Des membres de la famille Nabhan se rassemblent la nuit autour des ruines de leur maison à Jabaliya, dans le nord de la bande de Gaza. Certain·es dorment dans les habitations voisines, dans l’abri qui servait pour leur âne, ou encore à même le sol sur des matelas donnés par des organisations.
Les restes d’un vieil olivier détruit se dresse dans les ruines de la maison de la famille Tafeesh, dans le district d’Az Zaitoun, dans la ville de Gaza. Celle-ci abritait douze personnes. Elle a été complètement détruite par un bombardement, lequel a également causé d’importants dégâts aux alentours. L’habitation voisine de la famille Abu Soreya, réfugiée, a été entièrement pulvérisée. Environ 400 poulets élevés par la famille Tafeesh ont été tués lors de l’attaque.
Un membre de la famille Tafeesh montre la vidéo du bombardement de la maison de ses proches. Habitant en face, son appartement a subi des dommages importants. Les autorités israéliennes ont prévenu la famille avant le bombardement, mais cela n’a pas été le cas lors des premières frappes, le 9 mai, visant à tuer trois commandants du Jihad islamique. Dix personnes civiles ont alors perdu la vie.

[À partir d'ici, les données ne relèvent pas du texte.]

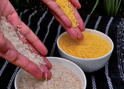 Riso tradizionale (a sinistra nella foto) a confronto con riso dorato arricchito di beta-carotene (a destra).
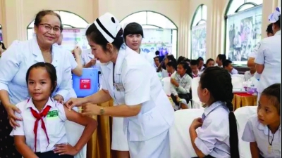 2015年,老撾兒童接種中國(guó)研發(fā)并生產(chǎn)的乙腦疫苗
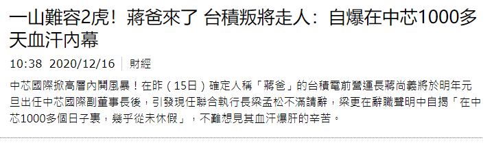 最終,兜了一圈,沒有什麼建樹的蔣尚義回鍋,反而高升為副董事長,再次直接領導梁孟松,終於讓後者爆發了。
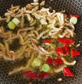3、锅中加入少许食用油,炒香肉丝,下入辣椒煸炒。
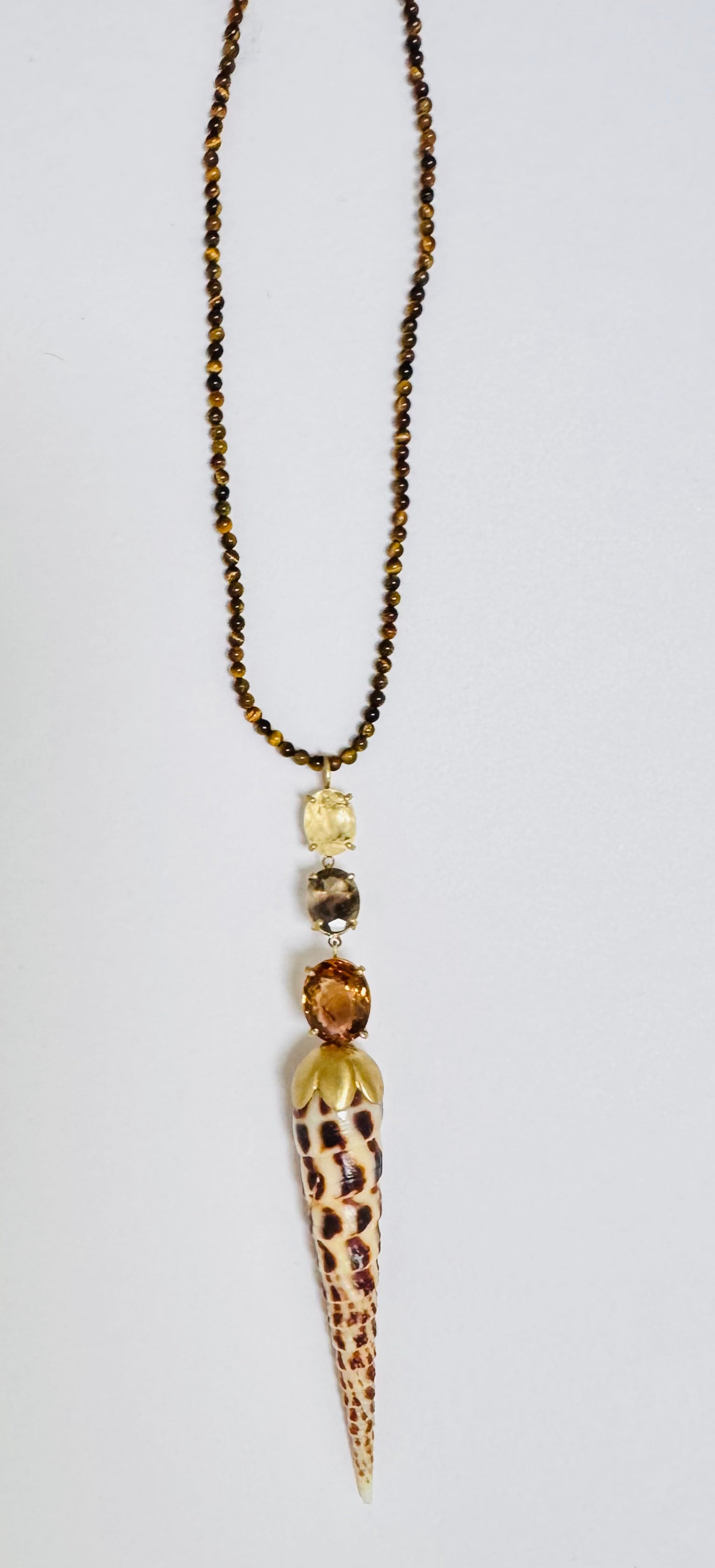 Shell with Madeira Citrine, Smokey Topaz and Beryl on TIger's Eye Beads set in 18k Gold.

Des Palestinien·nes commencent à réparer les dégâts dans une maison adjacente à la maison de la famille Tafeesh. Les dommages des maisons détruites et endommagées sont estimés à plusieurs millions de dollars.

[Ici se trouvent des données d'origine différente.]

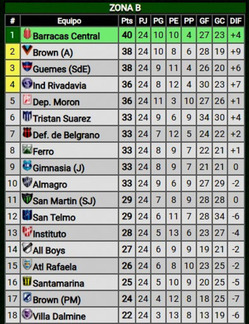 En tanto, por la Zona A, Almirante Brown igualó 0-0 con San Martín (T) y ahora comparte la cima con Tigre (que tiene un partido más). Ayer también jugaron: Chacarita 0-0 Deportivo Riestra, Estudiantes (BA) 0-0 Temperley y Alvarado 1-0 Deportivo Maipú. Hoy se cierra la fecha con tres encuentros: Mitre vs Estudiantes (RC), Atlanta vs Gimnasia (M) y Nueva Chicago vs Belgrano (todos a las 11.00).
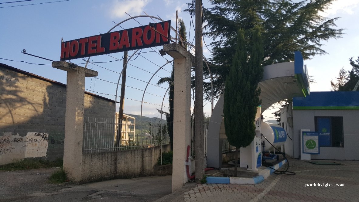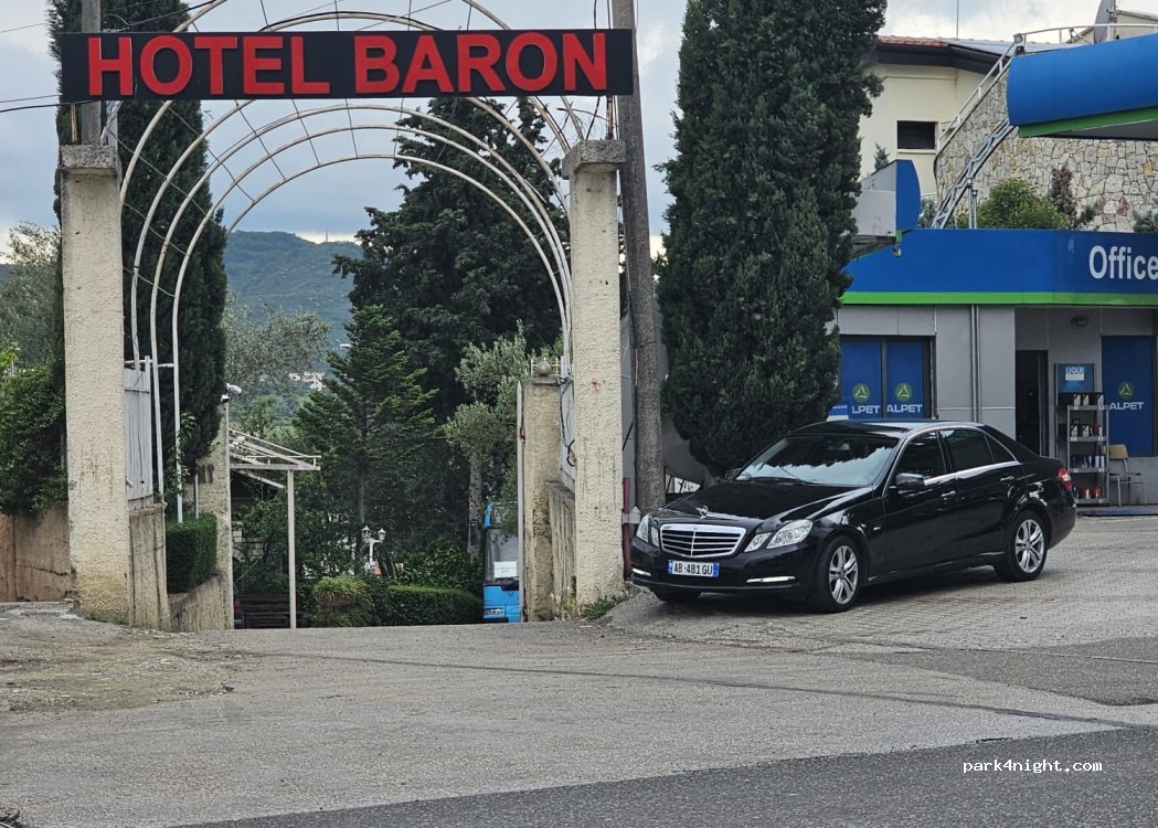 Parking gardé juste à côté de l'hôtel Baron, très pratique pour rejoindre Tirana centre en bus les deux gardiens charmants faisant tout pour nous aider ; possibilité douche et vidange cassette à l hôtel nous recommandons
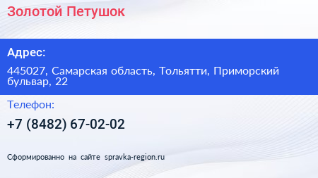 Золотой Петушок по адресу 445027, Самарская область, Тольятти, Приморский бульвар, 22 в дальнейшем Организация, размещена в следующих категориях:
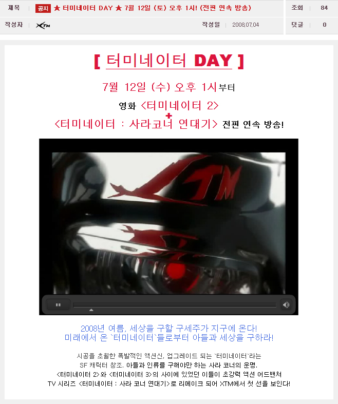 <span class="pcol1 itemSubjectBoldfont">미드 '터미네이터 연대기' 전편 방송한다고 합니다. 하지만 ...</span> 연예/화보 조회 0 원본보기 0 인기도 점수 0 0 요약 주말에 할 것이지 왜 평일이냐! 게다가 오후 3시부터 시작은 또 뭐냐! 이날 약속이 있어서 저녁 7시에 약속이라 제대로 보지도 못한단 말이다. 원본 페이지로 이동 추천 콘텐츠 중견 기업 연봉 수준 0 밤에 입으면 인싸각 0 홈쇼핑 모델 0 각종 동물들의 근육.jpg 0 탁재훈식 개드립 0 하아... 우리는 언제쯤 이렇게 될 수 있을까요? 0 관련 이미지 클럽의 흔한 문화 6536 클럽움짤 몇개 6926 야릇한 얼굴과.. 6256 이런엉덩이 처음만져봄 10305 체육녀들의 바디클라스 6262 상당히 아쉬운 결말 5408 지스타 이은혜 3702 홀딱벗구 셀카 7351
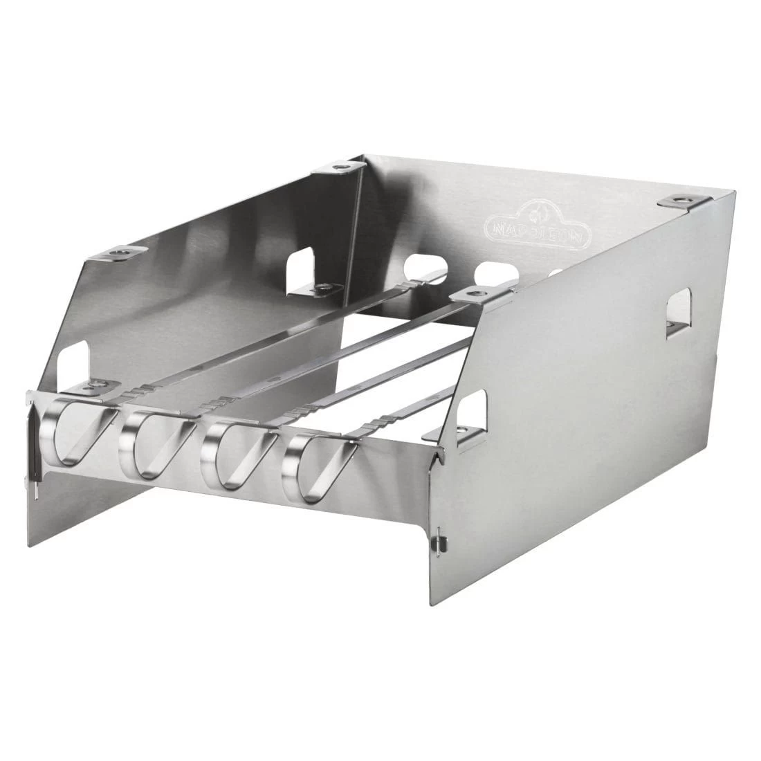 Multifunktionaler Napoleon® Windschutz. Dadurch brennt die SIZZLE ZONE™ auch bei stärkerem Wind stabil. Der Grillrost kann in drei weitere Positionen verstellt werden. Die vordere Blende ist klappbar, so dass der Zugang mit der Grillzange erleichtert wird. Zudem ist eine Spieß-Halterung integriert, die es ermöglicht über der SIZZLE ZONE™ Grillspieße ohne direkten Kontakt zum Rost zu grillen. Für Napoleon® Prestige-, PRO™- und Rogue SE-Serie geeignet.
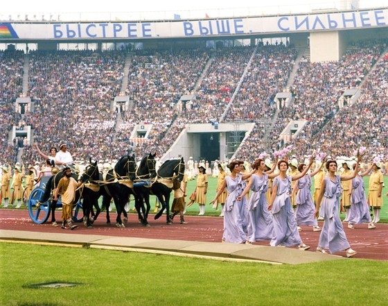 Традиция проведения крупных комплексных спортивных соревнований уходит корнями в Древнюю Грецию. С 776 г. до н. э. по 394 г. н. э. в святилище Олимпии прошли 293 самых важных эллинских национальных празднества. Современное продолжение доброго начинания стало возможным благодаря инициативе одного француза, в конце XIX отличившегося бурной общественной деятельностью. Его имя – Пьер де Кубертен. Первые после возобновления летние игры прошли в апреле 1896 года в Афинах. Впоследствии проводились регулярно, каждое четырехлетие, исключая пору общемировых катаклизмов. Дождались своего часа и XXII Олимпийские игры. В Москве под ликование трибун 19 июля 1980 года на огромную арену стадиона «Лужники» вышли «древние греки»: простые парни и девушки в тогах и хитонах. Их сопровождали «античные» двухколесные колесницы с четырьмя запряженными конями каждая. Эта была дань уважения древней земле Эллады, вечному духу Олимпиады. Стоит сказать, что во время церемонии открытия (равно как и закрытия) частью действия была восточная трибуна. Шапочки, манишки, флажки в руках волонтеров складывались в тематические картины, порою довольно сложные (174 сюжета)
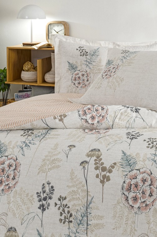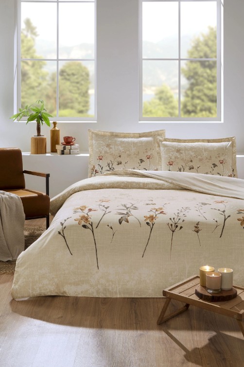 Özdilek Phlox Krem Çift Kişilik %100 Pamuk Lastik Çarşaflı Nevresim Takımı
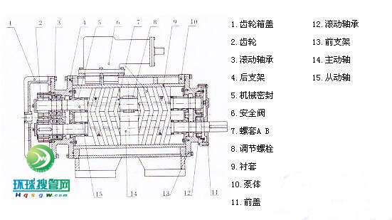 雙螺桿分為密封式和不密封式兩種,它通過相互嚙合、互不接觸的兩根螺桿來抽送液體。
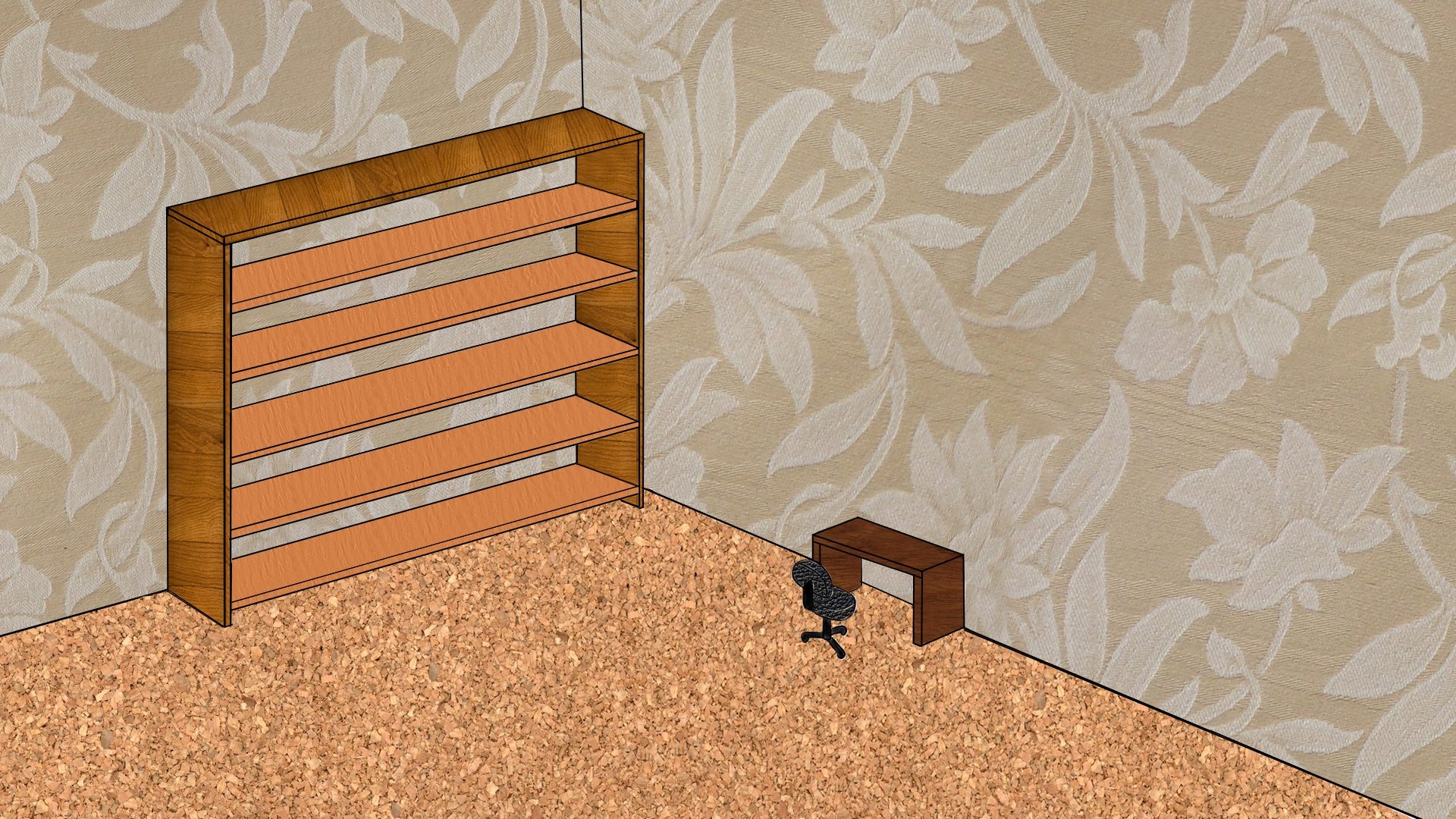 Комната с полками на рабочий стол

Mohammed (7 ans), Mahmoud (9 ans) et Ahmad (5 ans) Yussef Awadadallah se tiennent dans leur chambre ravagée, à Beit Hanoun. Leur domicile est situé à côté de la maison de la famille Abu Khater, prise pour cible le 11 mai. La famille est réfugiée de Hulayqat. « Ils sont traumatisés et me collent tout le temps. Je fais de mon mieux pour les soutenir et pour prendre soin d’eux. Durant le bombardement, mon plus jeune fils, Ahmad, a eu une crise de panique. Il ne pouvait plus respirer et son cœur s’est presque arrêté. J’ai dû lui faire du bouche à bouche pour le réanimer. La nuit, Ahmad se réveille plusieurs fois et il vient dormir avec nous. Nous sommes pour l’instant dans une maison louée ailleurs », dit leur père Yussef Sukeh Awadallah.
Des roses et un drapeau palestinien ont été posés dans les ruines de la maison de la famille Masri, à Beit Lahiya.
Anne Paq est une photographe, réalisatrice et autrice française primée, membre du collectif photo Activestills depuis 2006. Elle a passé plus de deux décennies à couvrir de nombreux sujets en Palestine, notamment dans la bande de Gaza.